### Brief
As soon as the line containing "众所周知,在过去这些年,CB" appears in the material below, start returning lines exactly, and end with the line containing "The menu at".

### Records for the task
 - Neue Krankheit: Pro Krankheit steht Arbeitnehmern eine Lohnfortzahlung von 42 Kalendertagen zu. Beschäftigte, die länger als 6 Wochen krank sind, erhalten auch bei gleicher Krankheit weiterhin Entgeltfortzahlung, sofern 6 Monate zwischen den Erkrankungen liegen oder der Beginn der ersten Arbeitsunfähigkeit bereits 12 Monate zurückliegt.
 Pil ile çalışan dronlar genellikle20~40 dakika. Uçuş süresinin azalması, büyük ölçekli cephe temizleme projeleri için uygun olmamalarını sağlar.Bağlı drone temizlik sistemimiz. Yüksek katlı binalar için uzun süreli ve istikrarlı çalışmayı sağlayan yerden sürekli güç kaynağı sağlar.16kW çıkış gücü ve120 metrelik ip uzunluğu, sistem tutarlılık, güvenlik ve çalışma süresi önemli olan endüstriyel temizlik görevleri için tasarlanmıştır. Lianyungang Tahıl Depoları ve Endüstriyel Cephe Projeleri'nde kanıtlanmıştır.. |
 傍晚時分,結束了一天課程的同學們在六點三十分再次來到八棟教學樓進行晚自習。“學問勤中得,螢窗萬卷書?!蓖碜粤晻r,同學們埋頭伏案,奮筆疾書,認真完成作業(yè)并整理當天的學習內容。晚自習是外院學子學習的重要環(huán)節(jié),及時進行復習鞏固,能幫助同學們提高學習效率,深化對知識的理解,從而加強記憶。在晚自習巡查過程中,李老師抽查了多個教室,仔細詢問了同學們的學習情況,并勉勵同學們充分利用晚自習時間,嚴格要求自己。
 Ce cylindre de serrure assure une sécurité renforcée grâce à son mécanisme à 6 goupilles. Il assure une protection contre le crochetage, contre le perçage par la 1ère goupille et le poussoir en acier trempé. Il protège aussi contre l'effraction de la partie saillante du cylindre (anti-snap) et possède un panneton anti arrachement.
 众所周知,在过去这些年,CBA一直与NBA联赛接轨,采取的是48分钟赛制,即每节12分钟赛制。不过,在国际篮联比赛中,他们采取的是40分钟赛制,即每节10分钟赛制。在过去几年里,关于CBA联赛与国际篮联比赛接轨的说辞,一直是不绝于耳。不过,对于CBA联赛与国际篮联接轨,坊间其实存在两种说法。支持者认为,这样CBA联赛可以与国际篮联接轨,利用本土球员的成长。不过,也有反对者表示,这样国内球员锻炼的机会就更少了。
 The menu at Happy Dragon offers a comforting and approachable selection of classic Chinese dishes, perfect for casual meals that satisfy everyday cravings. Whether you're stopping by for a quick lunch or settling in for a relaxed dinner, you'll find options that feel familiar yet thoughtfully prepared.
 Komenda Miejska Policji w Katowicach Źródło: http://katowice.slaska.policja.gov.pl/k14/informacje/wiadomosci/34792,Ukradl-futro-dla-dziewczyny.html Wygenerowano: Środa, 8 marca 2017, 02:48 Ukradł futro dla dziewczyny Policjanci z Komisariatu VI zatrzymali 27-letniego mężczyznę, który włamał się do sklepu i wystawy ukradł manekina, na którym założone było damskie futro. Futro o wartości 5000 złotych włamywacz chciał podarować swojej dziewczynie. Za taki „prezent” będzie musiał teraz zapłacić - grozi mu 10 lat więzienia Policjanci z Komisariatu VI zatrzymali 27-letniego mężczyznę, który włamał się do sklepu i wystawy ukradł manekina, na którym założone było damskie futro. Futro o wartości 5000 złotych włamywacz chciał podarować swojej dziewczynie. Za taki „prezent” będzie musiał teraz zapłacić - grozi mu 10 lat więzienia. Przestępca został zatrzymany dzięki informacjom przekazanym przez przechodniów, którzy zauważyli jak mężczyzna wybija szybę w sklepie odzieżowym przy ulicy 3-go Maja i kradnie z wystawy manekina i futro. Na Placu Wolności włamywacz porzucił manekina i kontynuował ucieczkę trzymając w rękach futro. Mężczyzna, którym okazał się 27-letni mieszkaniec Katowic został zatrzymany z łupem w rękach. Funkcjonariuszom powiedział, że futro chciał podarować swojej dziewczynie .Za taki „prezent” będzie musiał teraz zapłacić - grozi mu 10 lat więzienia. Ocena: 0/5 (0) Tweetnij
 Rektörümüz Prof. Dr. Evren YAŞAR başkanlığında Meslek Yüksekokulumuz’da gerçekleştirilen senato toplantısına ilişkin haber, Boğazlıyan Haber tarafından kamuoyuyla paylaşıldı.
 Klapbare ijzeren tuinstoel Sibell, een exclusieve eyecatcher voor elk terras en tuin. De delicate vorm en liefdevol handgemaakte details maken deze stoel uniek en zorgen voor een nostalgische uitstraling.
---
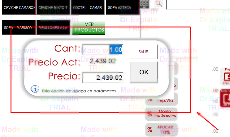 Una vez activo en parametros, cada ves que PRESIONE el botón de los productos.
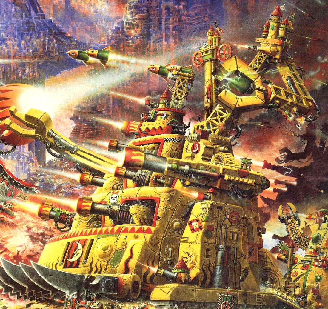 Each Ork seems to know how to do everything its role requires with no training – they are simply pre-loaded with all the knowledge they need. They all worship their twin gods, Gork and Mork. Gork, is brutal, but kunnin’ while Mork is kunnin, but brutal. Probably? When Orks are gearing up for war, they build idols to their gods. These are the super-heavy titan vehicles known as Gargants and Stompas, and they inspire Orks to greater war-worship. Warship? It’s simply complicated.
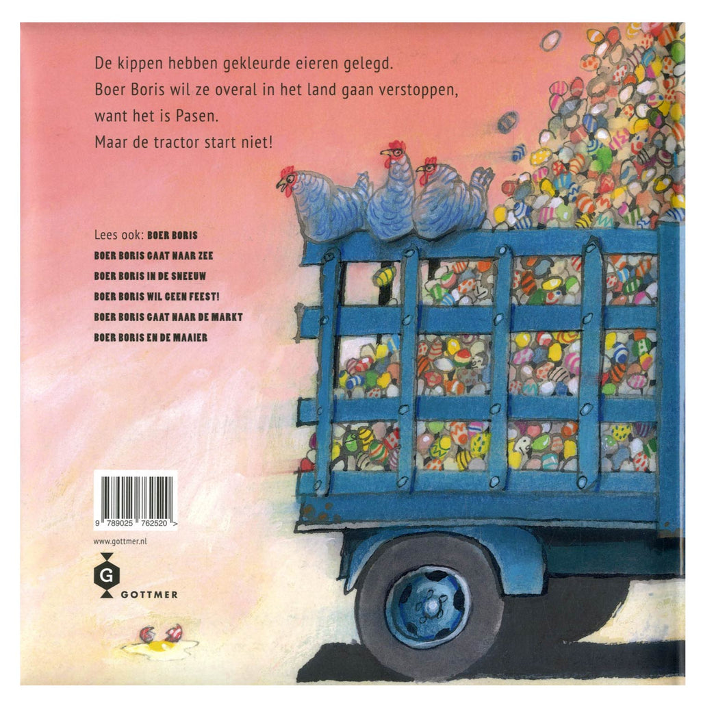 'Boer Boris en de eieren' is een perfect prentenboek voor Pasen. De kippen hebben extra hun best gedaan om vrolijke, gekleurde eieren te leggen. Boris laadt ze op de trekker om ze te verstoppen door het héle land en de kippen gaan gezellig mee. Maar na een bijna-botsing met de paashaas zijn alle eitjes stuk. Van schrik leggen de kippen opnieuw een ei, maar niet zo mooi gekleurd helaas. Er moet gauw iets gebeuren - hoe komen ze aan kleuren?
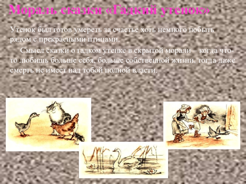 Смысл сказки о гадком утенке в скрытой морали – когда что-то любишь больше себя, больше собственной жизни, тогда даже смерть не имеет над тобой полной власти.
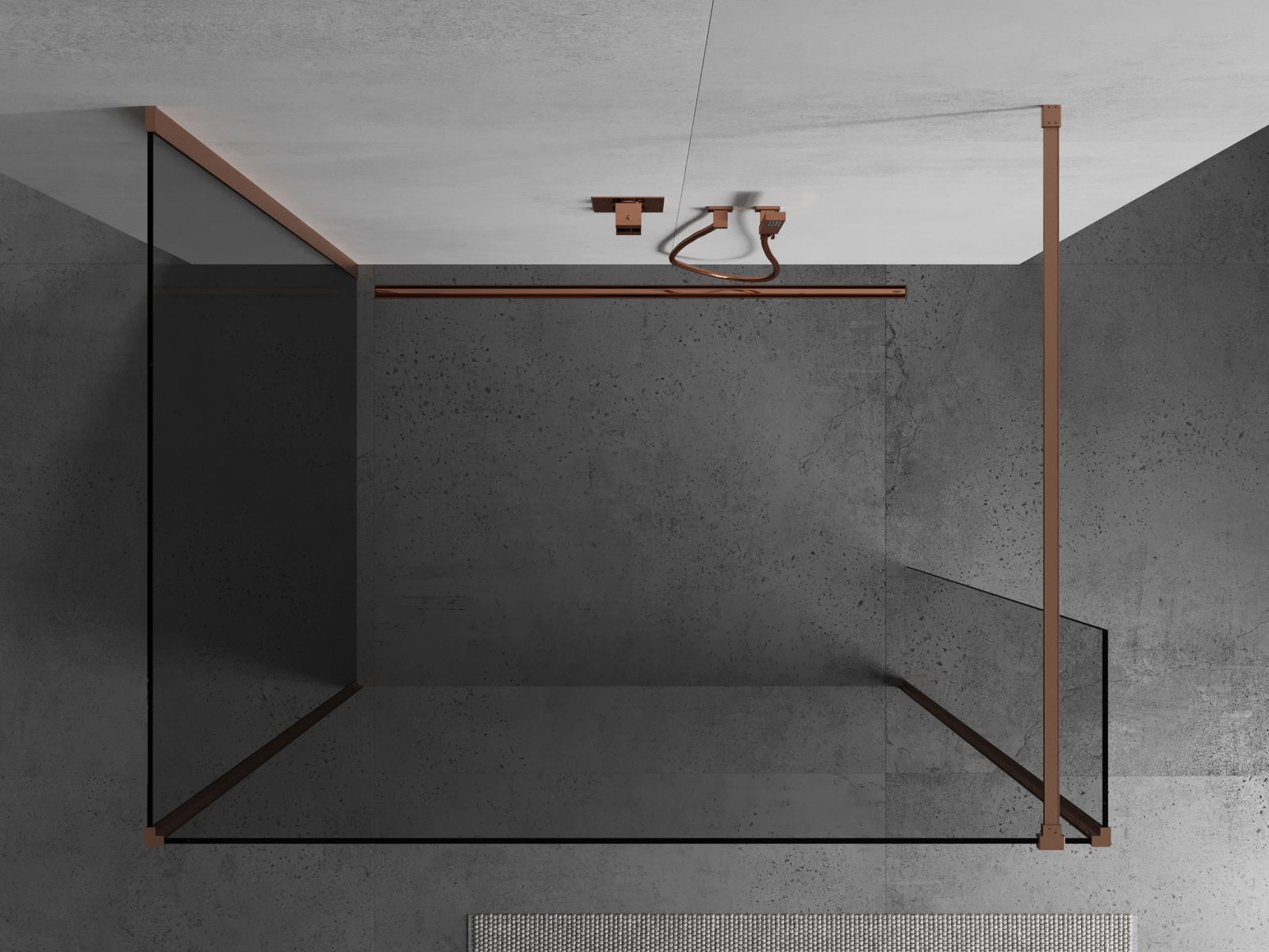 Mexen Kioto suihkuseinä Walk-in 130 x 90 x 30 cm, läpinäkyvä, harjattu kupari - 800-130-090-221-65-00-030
* * *
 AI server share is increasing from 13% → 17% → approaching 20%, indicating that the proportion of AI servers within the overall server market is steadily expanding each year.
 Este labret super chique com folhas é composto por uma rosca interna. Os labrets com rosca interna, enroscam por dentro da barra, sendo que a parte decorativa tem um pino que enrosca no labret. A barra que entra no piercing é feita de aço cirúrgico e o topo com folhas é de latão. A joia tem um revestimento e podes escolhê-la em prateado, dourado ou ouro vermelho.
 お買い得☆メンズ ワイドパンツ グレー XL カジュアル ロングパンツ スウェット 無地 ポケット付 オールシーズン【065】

### Completed exercise
 众所周知,在过去这些年,CBA一直与NBA联赛接轨,采取的是48分钟赛制,即每节12分钟赛制。不过,在国际篮联比赛中,他们采取的是40分钟赛制,即每节10分钟赛制。在过去几年里,关于CBA联赛与国际篮联比赛接轨的说辞,一直是不绝于耳。不过,对于CBA联赛与国际篮联接轨,坊间其实存在两种说法。支持者认为,这样CBA联赛可以与国际篮联接轨,利用本土球员的成长。不过,也有反对者表示,这样国内球员锻炼的机会就更少了。
 The menu at Happy Dragon offers a comforting and approachable selection of classic Chinese dishes, perfect for casual meals that satisfy everyday cravings. Whether you're stopping by for a quick lunch or settling in for a relaxed dinner, you'll find options that feel familiar yet thoughtfully prepared.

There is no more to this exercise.